Make asyncio done callbacks consistent between Futures and Tasks (original) (raw)
February 16, 2024, 8:14pm 1
With asyncio tasks, the done callbacks are called by the time they are awaited. However, a future’s callbacks are instead scheduled separately on the event loop with call_soon
. So by the time a future has been awaited, its done callback has not been called.
Having used tasks more frequently, I found this really unintuitive. The problem I ran into is an event loop that was starved by many already-complete futures. Even though I’m calling await future
, its not actually awaiting anything and going back to the event loop; so all those done callbacks kept piling up and eating up memory.
My proposal would be to make futures resolve their callbacks whenever the future is first awaited. That gives the same behavior as tasks, its intuitively how we think of await (e.g. all processing, including callbacks have completed), and doesn’t have the problem with callbacks piling up.
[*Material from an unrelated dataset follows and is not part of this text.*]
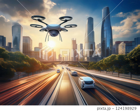 Future technology of autonomous logistics concept. Delivery drone flying background. Generative AI
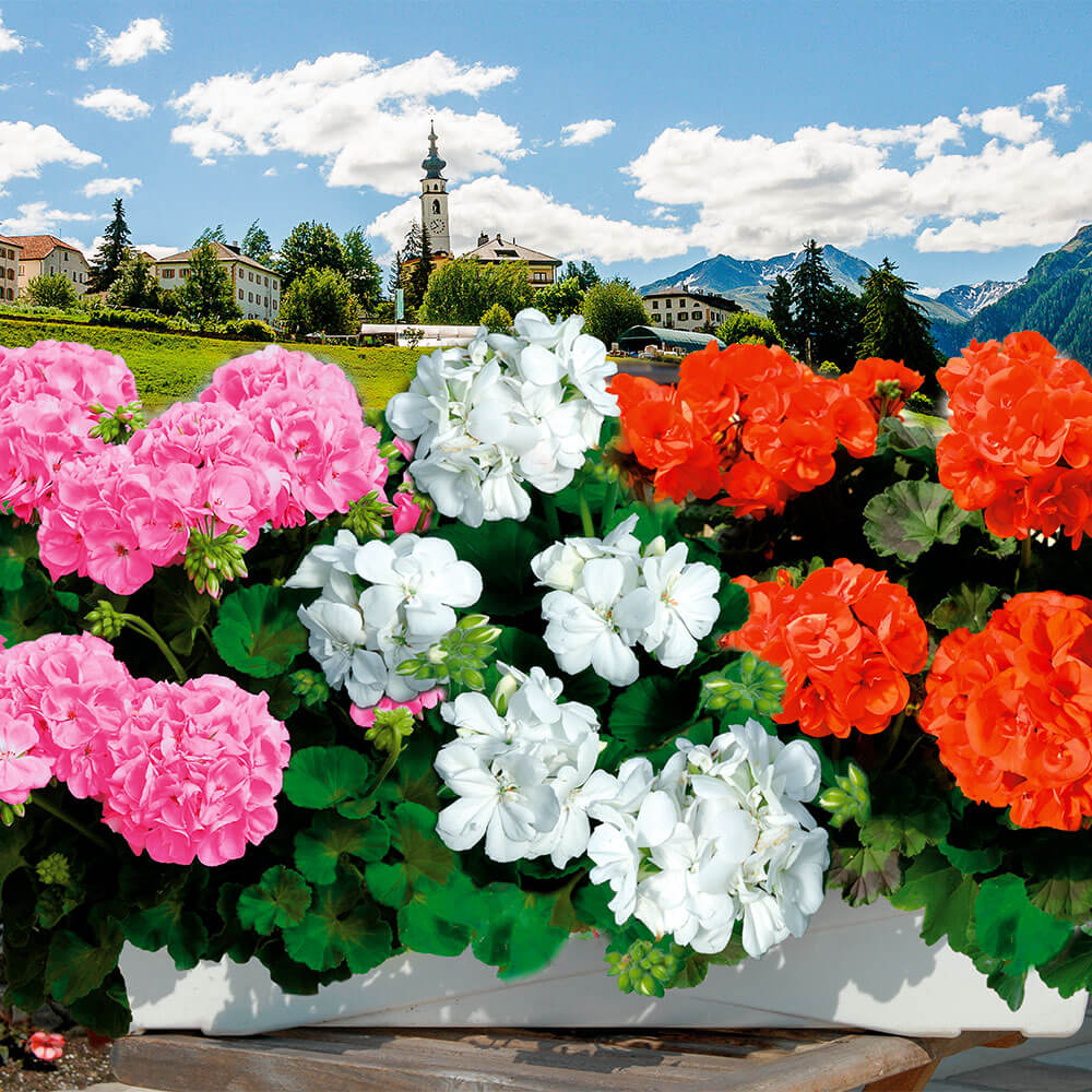 Sadržaj paketa:3 kom Pelargonija Sunrise® Clarissa očarati će Vas svojim velikim, atraktivnim, poluduplim cvjetovima koji će svojom bjelinom privući svačiji pogled. Tamnozeleni listovi daju odličan kontrast upadljivo bijelim cvjetovima zato preporučujemo saditi u cvjetne gredice, balkonske posude ili tegle.

Simple example of the inconsistency:
import asyncio
async def main():
# using future
future = asyncio.get_running_loop().create_future()
future.add_done_callback(lambda r: print("future done callback"))
future.set_result("done")
print("future processed")
await future
print("future awaited (1)")
await future
print("future awaited (2)")
# using task
async def coroutine():
print("task processed")
task = asyncio.create_task(coroutine())
task.add_done_callback(lambda r: print("task done callback"))
await task
print("task awaited (1)")
await task
print("task awaited (2)")
asyncio.run(main())
Output:
future processed
future awaited (1)
future awaited (2)
future done callback
task processed
task done callback
task awaited (1)
task awaited (2)
elis.byberi (Elis Byberi) February 16, 2024, 10:57pm 2
…the callback is called as soon as the task is done, regardless of whether you have awaited the task or not.
elis.byberi (Elis Byberi) February 17, 2024, 9:39pm 3
So, the task need not be awaited; that’s why it is executed soon after it is created. On the other hand, the future needs to be awaited, and as per scheduling of the callback, I believe it’s the right choice to schedule them to be executed in the event loop’s next iteration. That will help make the program non-blocking.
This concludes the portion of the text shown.